Based on a true story, the film demands that you recognize that while Austin would be exhausting, he is also an absolute joy. Laval is adorable. His indominable spirit fuels the film and when Gunn’s focus changes to another family member, Laval’s presence is missed.

What the film gets right is the heartbreaking difficulty of parenting, rarely giving into unidimensional characterizations and allowing for weakness and weariness as well as joy.

Levi’s a natural charmer and Meghann Fahy impresses, carving an honest character of the underwritten loving wife role. Likewise, young Gavin Warren makes the most of his limited screentime.
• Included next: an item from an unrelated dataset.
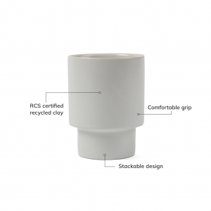 Artikel-Nr: XNDV4340203Die Nagano Pure Tasse, die teilweise aus recyceltem Ton hergestellt wurde, verbindet Schlichtheit mit einem modernen Twist und verkörpert die Essenz des skandinavischen Designs. Das stapelbare Design sorgt für eine effiziente Nutzung des Platzes und macht sie zu einer praktischen Ergänzung für jede Küche. Mit einem komfortablen Griff, der perfekt in der Hand liegt. Die RCS- (Recycled Claim Standard) Zertifizierung garantiert, dass die gesamte Lieferkette der recycelten Materialien zertifiziert ist. Der Gesamtanteil an recyceltem Material basiert auf dem Gesamtgewicht des Produkts. Dieses Produkt enthält 10% RCS-zertifiziert recycelten Ton. Nur Handwäsche. Fassungsvermögen: 250ml
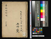 請求記号:チ6−4415−(1〜61) ; 東京の古書肆、文行堂横尾勇之助が戦前に収集した江戸時代・明治時代の文人・学者などの自筆一枚物資料の貼込帖61冊。一つ一つは短冊や署名、小書簡など短い資料であるが「捨て難い」ところから集められとっておかれた。戦争中は地中に埋め難をのがれたという逸話も伝わっている。収録されている著者の一部をあげると、国学者の山崎美成、屋代弘賢、前田夏蔭、狩谷■(木偏に夜)斎、書家の巻菱湖、俳人松木淡々、明治の人では幸田露伴、仮名垣魯文、乃木希典、中村正直、守田宝丹など多彩な1000人近い顔ぶれの自筆資料がみられ、いずれも未公開のものである。

Levi is considerably less convincing when it comes to the more emotionally difficult scenes. This weakness is paired with a weird imaginary friend situation. Though Drew Powell (the friend) brings welcome levity and opportunity for insight—and, per post-film snapshots of the real family, this was an actual part of their lives—he’s used as a narrative convenience and feels like unnecessary nonsense.

Gunn’s script, co-written with Scott LeRette and Susy Flory, lacks focus and it’s never clear whose story we’re trying to tie up. Needless, often cloying voiceovers from multiple characters compound the problem, without completely sinking the film.

The Unbreakable Boy is more evenhanded than most of Gunn’s movies, although subtle it’s not. It’s tidy and predictable and suffers under the weight of sentimentality. But it’s undeniably sweet, and if an inspirational film appeals to you, you could do worse than to let Jacob Laval charm you for 90 minutes.